Monday 13 September 2010

Paul Robinson... just isn't that type of player

Sometimes I wake up on a Monday and think, if you’d have tried to script Arsenal’s weekend beforehand, you wouldn’t have needed to be Mystic Meg or that spoon-bender to predict much of what happened. This weekend was one of those.
  • Most people would have expected us to hit four or five against Bolton.
  • Everyone knew we’d concede at least one because we can’t clear long balls and because we have a clown in goal.
  • No-one would have been shocked that Bolton turned up without that new “football” they apparently play.
  • We all knew Kevin Davies would deliberately try to hurt someone in the first ten minutes and get away with it.
  • We knew all the pundits would say “it’s an okay result for Arsenal but they still have frailties at the back (snore) and are a top-four side at best”.
  • It was likely that if there was a sending off, no-one would say “that’s a sending off”, and leave it at that.
  • I wasn’t amazed to hear Gary Cahill “has only had one red card in his career and isn’t that type of player”.
  • I wasn’t shocked that our 24-pass move for a goal generated less media attention that van der vaart’s (van der faart as Lineker called him) long ball into the box that bounced luckily for Modric to bang in from a yard.
  • And of course, I knew as always, that a half-time pie and a pint would cost somewhere close to what Rooney pays for a packet of B&H in a Travel Tavern.
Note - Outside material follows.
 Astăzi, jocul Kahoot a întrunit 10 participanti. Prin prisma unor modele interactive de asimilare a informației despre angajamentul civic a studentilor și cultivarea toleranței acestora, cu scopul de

One thing, however, never fails to amaze me – no matter how many times it happens. Why do managers of crap clubs visiting Chelsea, Arsenal and Spurs, where nine times out of ten they will get a thumping, book themselves on to Sky’s Goals on Sunday the following day? They aren’t looking for work and don’t need the appearance fee. So it’s either ego or the willingness of Sky to point out all the injustices of their defeat that drive their Sunday morning exposure.

This week saw the turn of Bolton, who sent Manager Owen Coyle along to explain: “We were still very much in the game at 2-1 and the sending off of Gary Cahill [for a two-footed, both-feet-off-the-ground tackle-from-behind] was a ridiculous decision that changed the result.”
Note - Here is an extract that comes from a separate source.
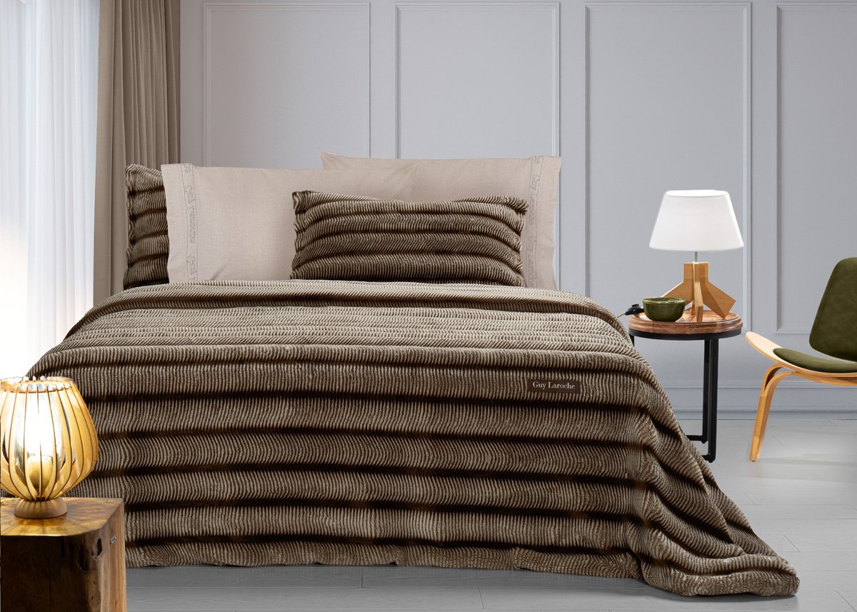 Χαρίστε στο υπνοδωμάτιο σας φινετσάτη εμφάνιση και ζεστασιά με τις γούνινες κουβέρτες της εταιρείας Guy Laroche. Η αξεπέραστα απαλή υφή της δεν θα σας αφήσει να σηκωθείτε από το κρεβάτι σας ενώ η σύνθεση από 100% Polyester ultrasoft θα σας ζεστάνει γλυκά. Με διαχρονικό μοτιβό για να ταιριάξουν σε κάθε στυλ, θα αναδείξουν την πολυτέλεια του υπνοδωματίου σας!

“I’m sorry to laugh, but I just find it such an incredible decision,” smirked the irritating little Scotsman. “When the smaller clubs come to the elite clubs, they don't get the rub of the green.”

Sky’s approach, as always, was to massage Coyle’s sense of injustice (almost physically) while replaying the “unjustified” sending off six times. Unfortunately for Coyle, while he rambled on that “you can say what you want but these things do not even themselves out over a season”, footage ran on to Paul Robinson’s attempt to break Abu Diaby’s leg.
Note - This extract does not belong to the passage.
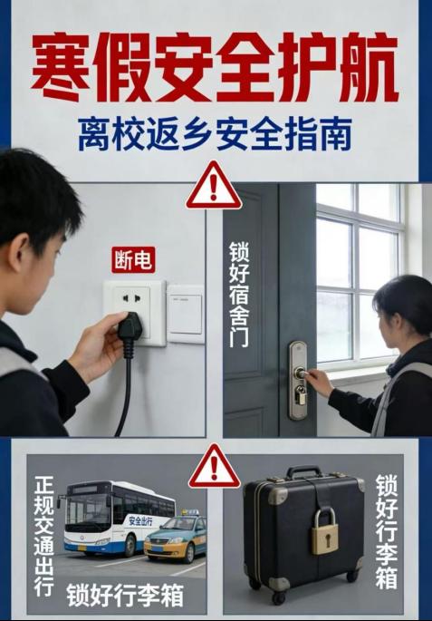 • 离校&返乡:彻底关闭宿舍电源、拔掉所有电器插头,整理好训练装备与个人物品,锁好门窗与储物柜;返乡优先选择高铁、飞机、正规客运等官方认证交通方式,不搭乘黑车、不单独前往偏僻路段,全程妥善保管训练器材、个人财物与证件,及时向家人、老师报备行程动态。

“Should that have been a card?” whispered Ben Shepherd (who, incredibly, is married – but then so was Elton John). “That’s the first time I’ve seen it. I’d have to look at that one again,” replied Coyle.

Did Sky oblige? The answer, of course, is a predictable ‘no’. Not even one replay, let alone six.

Then again, things don’t even themselves out you see, and the big clubs get all the big decisions. And I guess Paul Robinson “just isn’t that type of player”.